Dans ces circonstances, quel intérêt y aurait-il à prêter attention aux propositions de Dougald Lamont, le chef du Parti libéral au Manitoba qui ne détient que quatre sièges à l’Assemblée législative et qui ne menace pas de défaire le gouvernement? Tout bonnement parce qu’il est libre d’aborder des enjeux négligés par les néo-démocrates et les progressistes-conservateurs.

Ainsi, la semaine dernière, M. Lamont a dénoncé ses principaux adversaires pour leur négligence chronique des arts et de la culture : ce secteur ne reçoit pas d’augmentations régulières depuis des années, déclarait-t-il. Il a proposé de créer un fonds de capital culturel en affectant 2,5 % des dépenses d’infrastructures actuelles aux infrastructures culturelles ce qui, d’après ses calculs, permettrait de consacrer 25 millions $ par an à l’entretien et aux améliorations d’édifices culturels. La Salle du centenaire, le Centre culturel franco-manitobain, le Musée du Manitoba et tant d’autres espaces culturels ont besoin de tels investissements depuis longtemps.
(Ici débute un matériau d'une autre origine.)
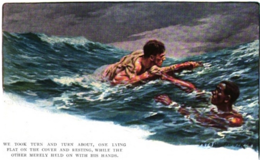
WE TOOK TURN AND TURN ABOUT, ONE LYING FLAT ON THE COVER AND RESTING, WHILE THE OTHER MERELY HELD ON WITH HIS HANDS.

Jeanne. Captain Oudouse must have succumbed to exhaustion, for several days later his hatch-cover drifted ashore without him. Otoo and I lived with the natives of the atoll for a week, when we were rescued by a French cruiser and taken to Tahiti. In the meantime, however, we had performed the ceremony of exchanging names. In the South Seas such a ceremony binds two men closer together than blood-brothership. The initiative had been mine, and Otoo was rapturously delighted when I suggested it.

Les libéraux proposent aussi d’augmenter le financement accordé aux municipalités pour appuyer les arts. Et là encore, M. Lamont ouvre la porte à d’intéressantes possibilités. Ainsi, tout futur gouvernement provincial pourrait appuyer un projet de premier plan pour marquer le 150e anniversaire de Winnipeg.

La province avait imposé l’amalgamation de 13 villes et municipalités pour créer, au 1er janvier, 1972, la Ville de Winnipeg telle qu’elle existe aujourd’hui. Toutes leurs archives ont été centralisées et languissent aujourd’hui dans un entrepôt inadéquat situé dans un parc industriel, sans contrôle de température et d’humidité et sans protection contre les insectes et autres menaces.

Il revient certainement au gouvernement provincial d’assumer une part de la responsabilité d’assurer que les archives de la ville capitale soient conservées selon les normes archivistiques modernes et qu’elles soient accessibles au grand public. Car depuis 47 ans, la ville néglige cette riche collection d’archives qui constitue notre mémoire collective.

M. Lamont a rendu un service au public en soulignant l’importance d’un secteur trop souvent négligé et pourtant fondamental à une vision saine de la province. Il revient maintenant aux autres partis de nous dire s’ils partagent cette vision.